More formally, each i-th trader:

·        Starts selling in village l_i with an initial price of x_i per hat.

·        Moves to a neighboring village each day: if they sold in village j yesterday, they sell in village j + 1 today.

·        Increases the price by 1 each day: if the price was x yesterday, today it is x + 1.

·        Finishes selling in village r_i (including selling in r_i on the last day).

For each village, determine the maximum price of a single hat throughout the entire trading history.

 

Input. The first line contains two integers n (1 ≤ n ≤ 3 * 10⁵) and m (1 ≤ m ≤ 3 * 10⁵) – the number of villages and the number of traders, respectively.
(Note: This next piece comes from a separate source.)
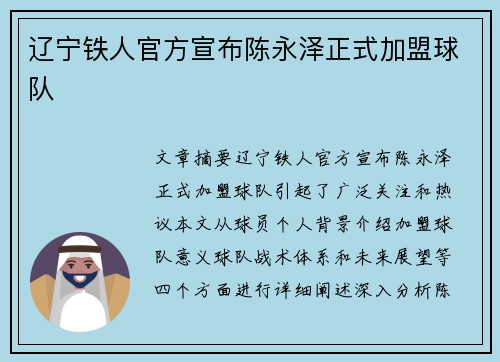 文章摘要:辽宁铁人官方宣布陈永泽正式加盟球队,引起了广泛关注和热议。本文从球员个人背景介绍、加盟球队意义、球队战术体系和未来展望等四个方面进行详细阐述,深入分析陈永泽加盟辽宁铁人的意义和影响。令人期待...
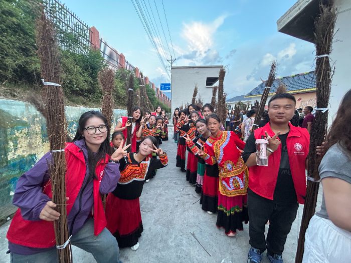 除了基礎課業和興趣培養,團隊還融入了多元主題教育。愛國主義教育、普法安全知識、暑期防溺水宣講、弘揚“兩彈一星”精神等內容,助力孩子們全面發展。活動期間恰逢彝族傳統火把節,團隊成員與社區居民、孩子們一同參與了“潑水”祈福和篝火晚會,親身體驗并融入當地民族文化。身著節日盛裝的孩子們與志愿者、社區老師共同留下了珍貴的合影。

The next m lines each contain three integers: l_i, r_i (1 ≤ l_i ≤ r_i ≤ n) and x_i (1 ≤ x_i ≤ 10⁹) – the starting and ending villages, as well as the initial price of a hat for the i-th trader.

 

Output. Print n integers, where the i-th number represents the maximum price of a hat throughout the entire trading history in the i-th village. If no trade took place in a particular village, print 0.

 

Sample inpuut	Sample output
5 2 1 3 2 2 4 6	2 6 7 8 0

 

 

SOLUTION

data structures – segment tree

 

Algorithm analysis

Construct a segment tree over the range [1; n] and initially set all values to zero. Suppose a trader sold hats in villages [l_i; r_i], starting with a price of p_i. Divide the segment [l_i; r_i] into fundamental segments [lx₁; ry₁], [lx₂; ry₂], …, [lx_k; ry_k]. Then, for the node corresponding to the segment [lx_q; ry_q] (1 ≤ q ≤ k), store the value

p_i + the sum of the lengths of the segments [lx_t; ry_t], for all t < q.

 

For example, let n = 5, and the first trade covers the cities numbered from 2 to 5, starting with a price of 4. Then, the segment [2; 5] will be split into fundamental segments: [2; 2], [3; 3], [4; 5]. After processing the first operation, the segment tree will look as follows:

 

If the fundamental segment [a; b] contains the value p, it means that:

·        The trader sold hats in all cities from a to b.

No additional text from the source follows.